==== DATASET EXCERPT ====

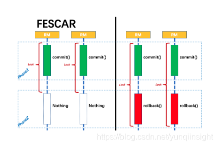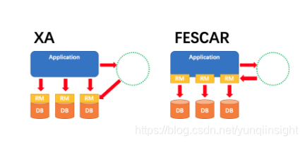 至此,Fescar 的协议机制总体上看与 XA 是一致的。
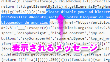 「Please disable your ad blocker!<br>Bitte deaktiviere Deinen Werbeblocker!<br>Veuillez désactiver votre bloqueur de publicité!<br>Por favor, desactive el bloqueador de anuncios!」の部分を日本語に変更しておきます。
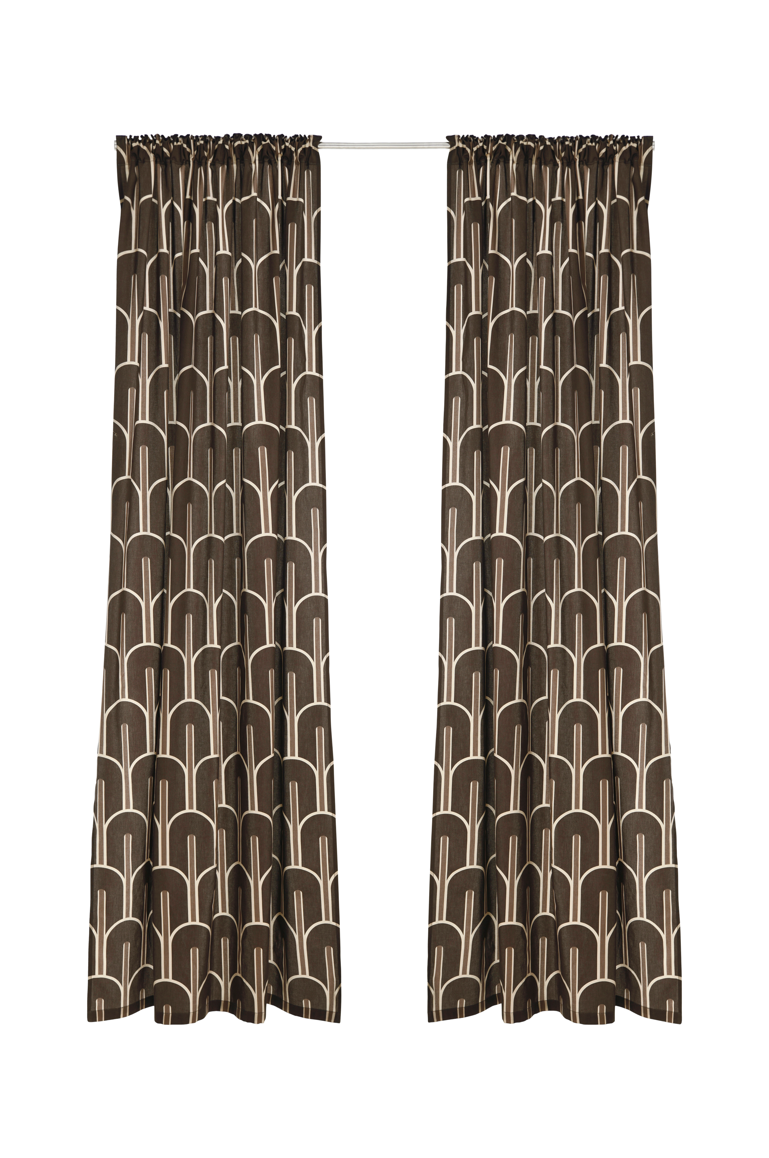 Två multibandslängder i bomullssatin med tryckt mönster och matt finish. Multibanden gör att du antingen kan hänga gardinerna direkt på en gardinstång genom hällorna eller använda ringar, nålkrokar eller fingerkrokar. Bredd 145 cm.
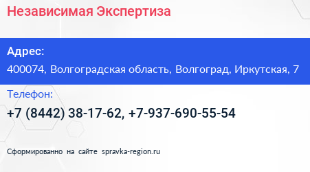 Независимая Экспертиза по адресу 400074, Волгоградская область, Волгоград, Иркутская, 7 в дальнейшем Организация, размещена в следующих категориях:

====

DIRECTIONS: When you copy the data above, keep each line exact and omit the pictures.

TASK ANSWER:
 至此,Fescar 的协议机制总体上看与 XA 是一致的。
 「Please disable your ad blocker!<br>Bitte deaktiviere Deinen Werbeblocker!<br>Veuillez désactiver votre bloqueur de publicité!<br>Por favor, desactive el bloqueador de anuncios!」の部分を日本語に変更しておきます。
 Två multibandslängder i bomullssatin med tryckt mönster och matt finish. Multibanden gör att du antingen kan hänga gardinerna direkt på en gardinstång genom hällorna eller använda ringar, nålkrokar eller fingerkrokar. Bredd 145 cm.
 Независимая Экспертиза по адресу 400074, Волгоградская область, Волгоград, Иркутская, 7 в дальнейшем Организация, размещена в следующих категориях:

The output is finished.